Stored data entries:
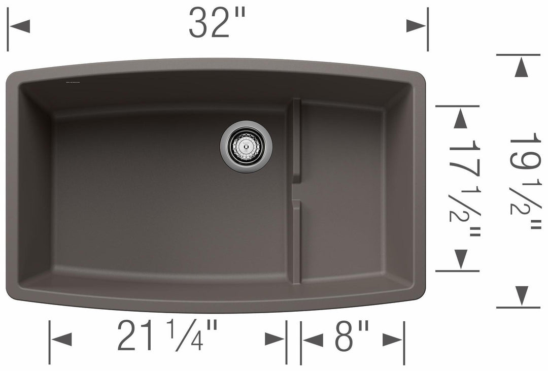 Performa Cascade 1.5 Bowl Undermount Silgranit Sink - Volcano Gray 402930 Blanco
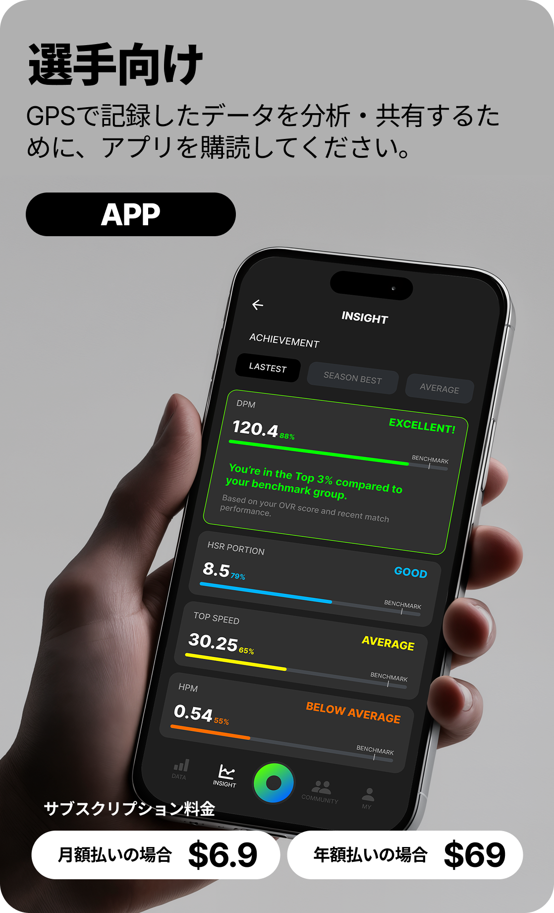 分析結果が正確でないように感じます。 BEEの文字が正しい向きで見えるか確認し、デバイスの向きを合わせてベストのポケットに入れてください。 ステップ2(フィールドエリア)で、すべてのGPSポイントを覆うようにフィールド範囲が設定されているか確認してください。 ステップ4でセッション数、時間、ポジションが正しく入力されているか確認してください。1分あたりの移動距離グラフでスパイクの高い部分は実際のプレー時間と一致する必要があります。
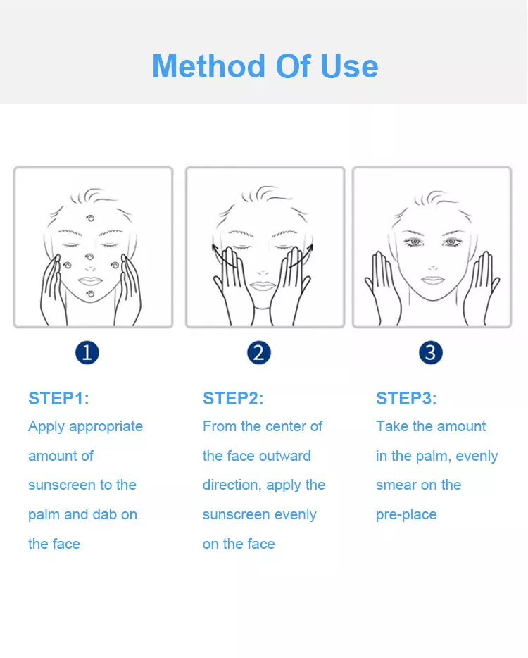 সানস্ক্রিন সম্পূর্ণরূপে কার্যকর করার জন্য বাইরে যাওয়ার 30 মিনিট আগে প্রয়োগ করতে হবে। বহিরঙ্গন কার্যকলাপের সময়, সূর্য সুরক্ষা প্রভাব বজায় রাখার জন্য প্রতি 2 ঘন্টা সানস্ক্রিন পুনরায় প্রয়োগ করা উচিত।
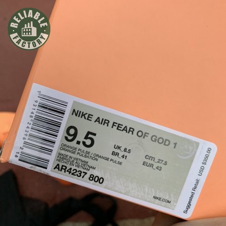 Nike Air Fear Of God 1 Orange Pulse 41-47.5
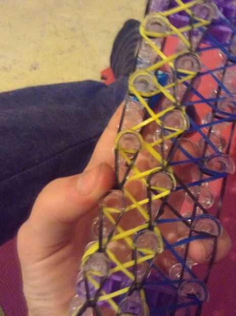 Esta es la "banda de telar fácil cobra"Tendrás necesidad de---38 blanco (o cualquier otro color) telar de bandas.--azul oscuro 25 (o cualquier otro color) telar de bandas.--24 amarillo (o cualquier otro color) telar de bandas.--un telar de mesa-
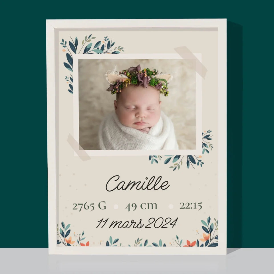 Acte De Naissance De L'Enfant: Métrique, Les Fleurs - Impression encadrée - Vertical
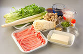 煮立ってきたら、豚肉を加え、時々アクを取りながら他の具も加える。肉は色が変わったら小鉢に取り、<ポン酢タレ>とお好みの<薬味>を入れていただく。
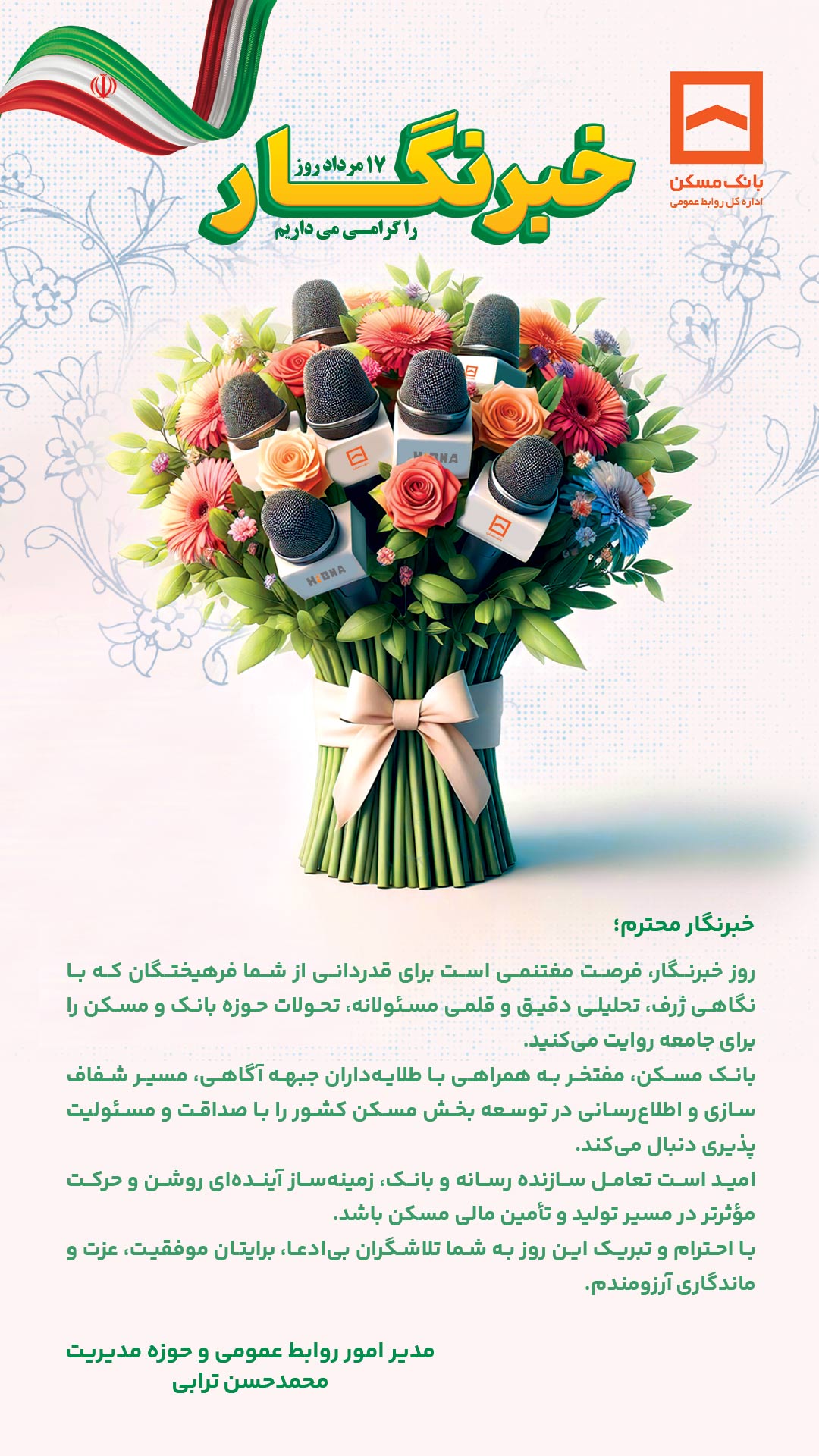 پیام تبریک دکتر محمدحسن ترابی مدیر امور روابط عمومی و حوزه مدیریت بانک مسکن به مناسبت روز خبرنگار

What the task asks => Write out the data in full and exactly as given, though without the images.

Reply to the task =>
 Performa Cascade 1.5 Bowl Undermount Silgranit Sink - Volcano Gray 402930 Blanco
 分析結果が正確でないように感じます。 BEEの文字が正しい向きで見えるか確認し、デバイスの向きを合わせてベストのポケットに入れてください。 ステップ2(フィールドエリア)で、すべてのGPSポイントを覆うようにフィールド範囲が設定されているか確認してください。 ステップ4でセッション数、時間、ポジションが正しく入力されているか確認してください。1分あたりの移動距離グラフでスパイクの高い部分は実際のプレー時間と一致する必要があります。
 সানস্ক্রিন সম্পূর্ণরূপে কার্যকর করার জন্য বাইরে যাওয়ার 30 মিনিট আগে প্রয়োগ করতে হবে। বহিরঙ্গন কার্যকলাপের সময়, সূর্য সুরক্ষা প্রভাব বজায় রাখার জন্য প্রতি 2 ঘন্টা সানস্ক্রিন পুনরায় প্রয়োগ করা উচিত।
 Nike Air Fear Of God 1 Orange Pulse 41-47.5
 Esta es la "banda de telar fácil cobra"Tendrás necesidad de---38 blanco (o cualquier otro color) telar de bandas.--azul oscuro 25 (o cualquier otro color) telar de bandas.--24 amarillo (o cualquier otro color) telar de bandas.--un telar de mesa-
 Acte De Naissance De L'Enfant: Métrique, Les Fleurs - Impression encadrée - Vertical
 煮立ってきたら、豚肉を加え、時々アクを取りながら他の具も加える。肉は色が変わったら小鉢に取り、<ポン酢タレ>とお好みの<薬味>を入れていただく。
 پیام تبریک دکتر محمدحسن ترابی مدیر امور روابط عمومی و حوزه مدیریت بانک مسکن به مناسبت روز خبرنگار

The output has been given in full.